EU competition chief Teresa Ribera said the changes targeted "those sectors that are directly and most heavily affected by fuel price spikes, and that are particularly exposed to fuel price volatility".

Additional Support for Heavy Industries

Governments will also be able to compensate heavy industries for up to 70% of their electricity costs, rather than the 50% currently permitted under EU rules.

Rationale and Concerns

Avoiding Untargeted Subsidies

By selecting certain sectors, the rules aim to avoid massive, untargeted subsidies straining public budgets - which happened in 2022, when energy prices surged after Russia cut gas deliveries in the wake of its invasion of Ukraine.

Current Government Actions

Still, most EU governments have already moved ahead with subsidies in response to the Middle East crisis - spending more than 13 billion euros on fuel tax cuts and other measures, most of them not targeted to hardest-hit companies or communities, according to the Jacques Delors Institute think tank.

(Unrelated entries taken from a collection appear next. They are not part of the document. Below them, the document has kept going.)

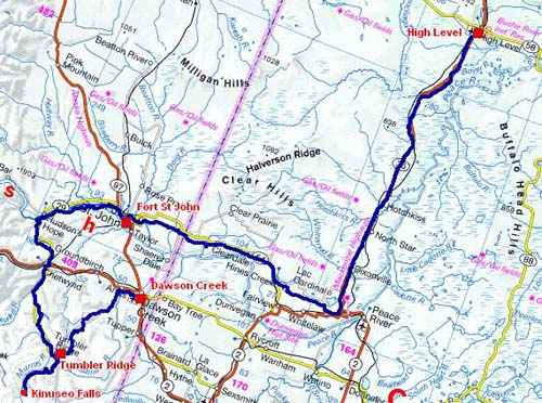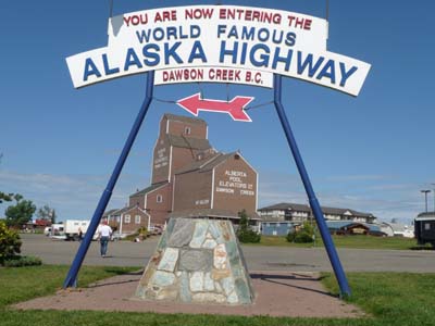 Dawson Creek était une paisible bourgade de pionniers et d’agriculteurs lorsque les japonais bombardèrent Pearl Harbour, Hawaii, peu de temps après les USA et le Canada décidèrent de construire l’emblématique Alcan, Alaska Highway. Plus de 10.000 soldats américains, véhicules militaires, engins de terrassement et travailleurs civils arrivèrent pour construire en huit mois 1491 miles de route de Dawson Creek à Fairbanks. Maintenant l’économie de la cité est basée sur l’industrie pétrolière occupant environ 12.000 personnes. C’est une ville moderne avec un parc d’exposition regroupant la gare de chemin de fer pour le transport des céréales avec un élévateur sur les cinq anciens, le Visitor Centre ainsi qu’une galerie d’art. Je bivouaquais sur place. |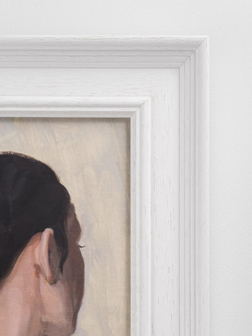 Framed artwork of a Girl with dark brown bun, a canvas print framed in a large cream junky frame.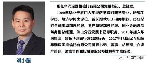 刘小腊正式由华润信托总经理高升至华润信托董事长。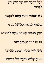Есть у всего конец, но нет конца у Зла. Несчастиям моим и ранам нет числа. Судьба меня в галут, в изгнанье занесла, И в грязь, и в тяжкий труд, как вьючного осла. Нет лодки, чтоб уплыть, и нет в руке весла, И Божьей Воли нет, чтоб наш народ спасла... Верни нас, Господи, в страну, что ночью снится, Где ветер ласковый и гулит голубица.мехуцим ульхуцим совелей маамас

Potential for Deepening Divisions

The EU plans have also raised concerns among some governments that they could deepen divisions between wealthy and poorer countries, by mostly benefiting bigger countries like Germany.($1 = 0.8547 euros)

Reporting Credits

(Reporting by Foo Yun Chee, editing by Bart Meijer and Keith Weir)

Key Takeaways

  • The EU’s temporary state aid framework supports agriculture, fisheries, transport, and energy‑intensive firms facing higher fuel and fertiliser costs due to Iran war disruptions, especially the Strait of Hormuz closure.
  • Affected firms can receive up to 50% compensation—capped at €50,000—for extra fuel and fertiliser expenses, while energy‑heavy firms may also get up to 70% coverage for power bills under an expanded state aid scheme.
  • The aid runs through end of 2026, part of the broader AccelerateEU strategy to tackle sharp energy price shocks and bolster clean energy transition and fiscal resilience.

References

Frequently Asked Questions

Which businesses can get EU fuel and fertiliser subsidies?
Companies in agriculture, fishery, transport, and energy-intensive sectors impacted by Iran war-related price hikes are eligible.
How much aid can affected sectors receive?
Eligible businesses can claim up to 50,000 euros, covering up to 70% of extra costs for fuel and fertiliser.
How long are the new EU subsidy rules valid?
The temporary state aid rules are valid until the end of the year.
What triggered the recent spike in energy prices?
The closure of the Strait of Hormuz during the Iran war caused global fuel price increases.
Are energy-intensive businesses eligible for additional compensation?
Yes, those already under another scheme can be compensated for up to 70% of their power bills.